EXERCISE AIM:
Whenever the word "cotton" appears in a line of the listing, copy that line.

DATASET RECORDS:
--------
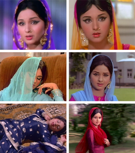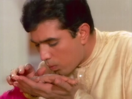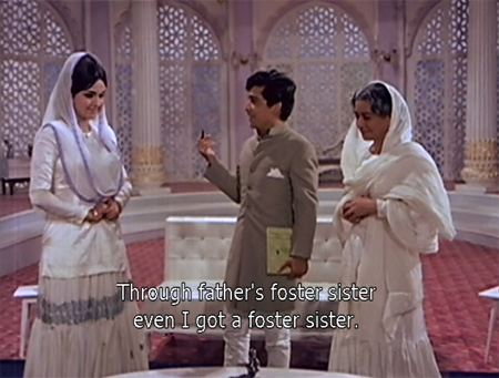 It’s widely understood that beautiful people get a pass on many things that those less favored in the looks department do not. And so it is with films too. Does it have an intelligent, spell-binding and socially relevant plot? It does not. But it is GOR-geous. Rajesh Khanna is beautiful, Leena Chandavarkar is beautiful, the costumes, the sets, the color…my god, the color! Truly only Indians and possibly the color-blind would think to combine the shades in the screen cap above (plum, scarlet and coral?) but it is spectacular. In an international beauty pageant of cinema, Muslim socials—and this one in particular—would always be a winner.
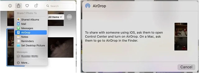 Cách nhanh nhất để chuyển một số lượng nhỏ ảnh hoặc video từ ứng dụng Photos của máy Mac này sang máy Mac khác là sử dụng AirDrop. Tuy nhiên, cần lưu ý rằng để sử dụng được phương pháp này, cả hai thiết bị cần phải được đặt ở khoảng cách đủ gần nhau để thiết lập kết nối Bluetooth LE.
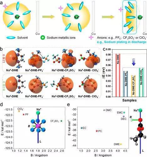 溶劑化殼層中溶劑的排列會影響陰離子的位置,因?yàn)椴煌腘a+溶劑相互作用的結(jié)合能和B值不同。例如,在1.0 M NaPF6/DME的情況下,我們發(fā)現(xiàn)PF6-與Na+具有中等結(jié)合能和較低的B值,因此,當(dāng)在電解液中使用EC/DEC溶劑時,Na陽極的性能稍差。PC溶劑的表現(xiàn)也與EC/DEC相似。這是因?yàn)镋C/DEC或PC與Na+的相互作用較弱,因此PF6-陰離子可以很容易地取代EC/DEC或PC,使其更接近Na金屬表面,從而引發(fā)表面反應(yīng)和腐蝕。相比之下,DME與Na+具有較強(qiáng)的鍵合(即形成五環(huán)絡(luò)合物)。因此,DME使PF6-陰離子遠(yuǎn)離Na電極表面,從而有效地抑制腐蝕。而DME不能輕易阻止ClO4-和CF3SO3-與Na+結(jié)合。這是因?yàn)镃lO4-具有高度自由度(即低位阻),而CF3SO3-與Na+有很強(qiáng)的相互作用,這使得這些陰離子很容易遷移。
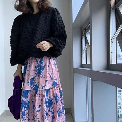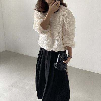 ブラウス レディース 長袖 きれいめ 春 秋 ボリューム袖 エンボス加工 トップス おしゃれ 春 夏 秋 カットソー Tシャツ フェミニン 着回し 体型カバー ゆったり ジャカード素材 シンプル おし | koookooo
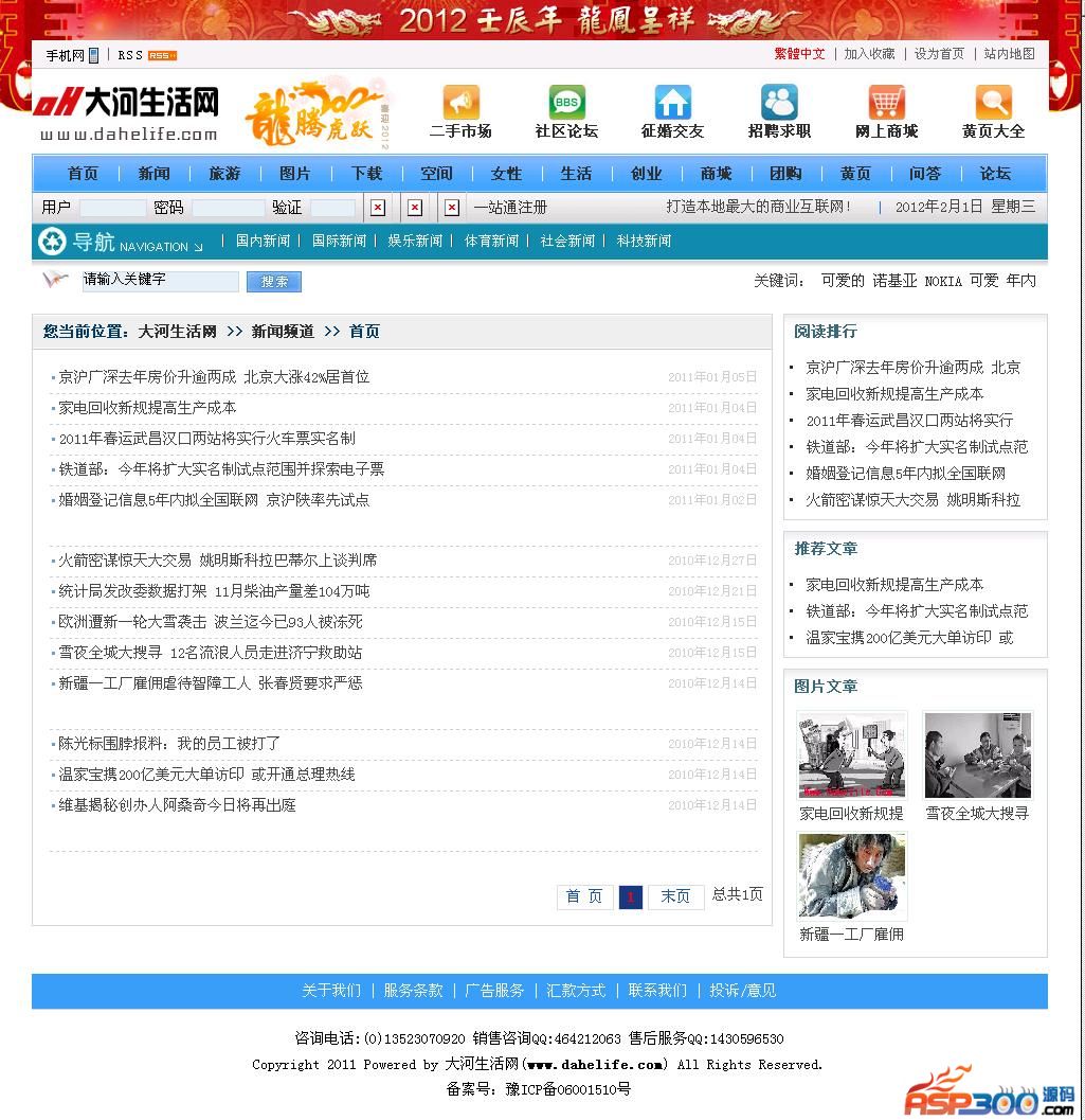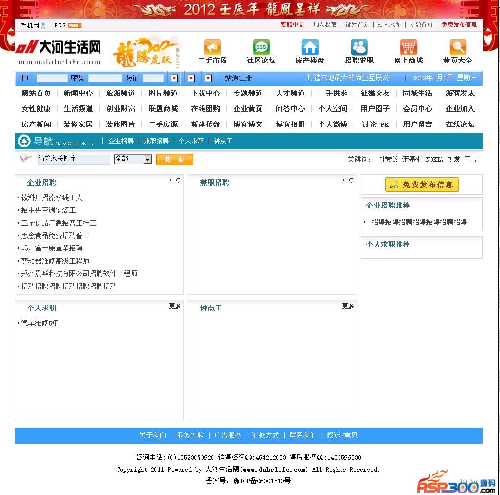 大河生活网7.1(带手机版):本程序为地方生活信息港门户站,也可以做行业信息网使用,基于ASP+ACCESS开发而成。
--------
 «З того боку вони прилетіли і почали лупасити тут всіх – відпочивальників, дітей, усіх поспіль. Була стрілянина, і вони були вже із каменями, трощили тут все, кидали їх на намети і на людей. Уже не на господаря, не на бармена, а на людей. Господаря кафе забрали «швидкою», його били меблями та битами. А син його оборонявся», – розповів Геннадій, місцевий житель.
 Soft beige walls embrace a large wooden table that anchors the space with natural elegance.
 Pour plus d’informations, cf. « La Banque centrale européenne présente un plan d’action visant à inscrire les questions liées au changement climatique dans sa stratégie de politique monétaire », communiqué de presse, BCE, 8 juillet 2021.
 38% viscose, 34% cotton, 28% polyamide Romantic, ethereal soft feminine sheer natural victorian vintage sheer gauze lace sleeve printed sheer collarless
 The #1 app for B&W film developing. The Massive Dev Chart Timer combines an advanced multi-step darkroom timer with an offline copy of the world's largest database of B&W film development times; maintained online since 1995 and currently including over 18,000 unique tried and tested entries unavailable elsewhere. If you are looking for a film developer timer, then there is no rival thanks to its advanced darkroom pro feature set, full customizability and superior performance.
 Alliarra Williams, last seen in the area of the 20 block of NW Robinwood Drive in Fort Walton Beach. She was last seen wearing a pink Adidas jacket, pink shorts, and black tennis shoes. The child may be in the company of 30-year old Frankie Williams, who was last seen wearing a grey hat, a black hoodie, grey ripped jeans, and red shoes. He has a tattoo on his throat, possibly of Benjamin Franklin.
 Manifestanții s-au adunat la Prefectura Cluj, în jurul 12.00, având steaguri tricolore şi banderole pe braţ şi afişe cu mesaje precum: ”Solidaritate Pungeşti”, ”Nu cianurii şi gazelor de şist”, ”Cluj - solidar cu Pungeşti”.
--------
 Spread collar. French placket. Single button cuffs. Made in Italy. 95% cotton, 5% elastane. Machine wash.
--------
FINISHED EXERCISE:
 38% viscose, 34% cotton, 28% polyamide Romantic, ethereal soft feminine sheer natural victorian vintage sheer gauze lace sleeve printed sheer collarless
 Spread collar. French placket. Single button cuffs. Made in Italy. 95% cotton, 5% elastane. Machine wash.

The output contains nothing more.